1986 novel by Jean Raspail

Who Will Remember the People... (Qui se souvient des hommes...) is a 1986 novel by the French writer Jean Raspail. It tells the history of the Alacalufe people, a largely extinct South American tribe, throughout the centuries. The two main characters reappear in each generation. The native name of the Alacufs is "Kaweskar", which means "the people". Raspail had met members of the tribe in the early 1950s which had made an impression that stayed with him.

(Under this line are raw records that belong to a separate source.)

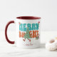 Retro Groovy Typografie personalisierbare Skriptkaffeemaschine Tasse. Das Design enthält den Text "Merry Bright" in blau und braun Groovy Typografie mit kawai-themed Elemente wie Weihnachtsbaum, bunten Santa und Sternen. Der Name kann leicht angepasst werden. Macht das personalisiertste Geschenk für sich selbst, Ihre Freunde, Familienmitglieder und sogar Nachbarn. Wir haben mehr als 45 Weihnachtsdesigns in Retro-, Aquarell- und lustigen typografisch-basierten Themen in unserer Sammlung, die Sie definitiv Liebe werden. Frohe Weihnachten!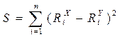 Сумма квадратов разностей рангов S вычисляется по формуле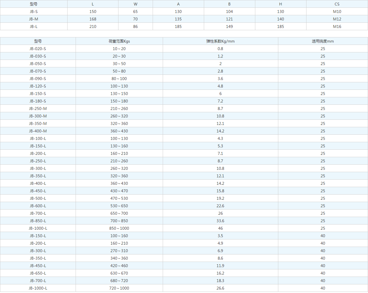 | 型號(hào) | 荷重范圍Kgs | 彈性系數(shù)Kg/mm | 適用撓度mm |

The book was published in English in 1988, translated by Jeremy Leggatt. It received the Chateaubriand Prize and the Inter Book Prize.

==Reception==
Elizabeth Marshall Thomas reviewed the book for The New York Times, and wrote that Raspail "seems rather critical of the Kaweskar, calling them seafarers who 'never even invented the sail,' having them perform unlikely, pointless acts (impotently throwing a stone in imitation of a cannonball, for example) and describing their food from a European viewpoint, which certainly makes it seem disgusting." Marshall Thomas was positive about the author's negative portrayal of Europeans, especially that of Charles Darwin: "Mr. Raspail's portrait of him deserves applause". The critic continued: "The victims and their oppressors seem equally squalid, ignorant, pathetic, as the two groups inexorably re-enact the age-old pageant known as Man's Inhumanity to Man". Marshall Thomas questioned Raspail's decision to portray an already extinct nation, rather than one at the risk of vanishment: "Yes, the last Kaweskar has gone to heaven, and we're sorry. But what about those like him who remain here below? They want to live. They too are 'The People.' Remember them?" Jack Schmitt wrote in Los Angeles Times: "In two recent works, Bruce Chatwin (The Songlines) and Mario Vargas Llosa (El Hablador (The Speaker) ) convincingly draw the reader into the soul-life, the Earth-bound myths and legends of the Australian Bushmen and the Peruvian Machiguengas, respectively. Raspail is far less successful in a parallel attempt with the Alacalufs, and the fault is not in Jeremy Leggatt's translation, which is excellent. Despite that limitation, Raspail's story, inscribed in the dialogue of cultures so characteristic of our age, is a fine version in historical fiction of a true story loud with ethical reverberations."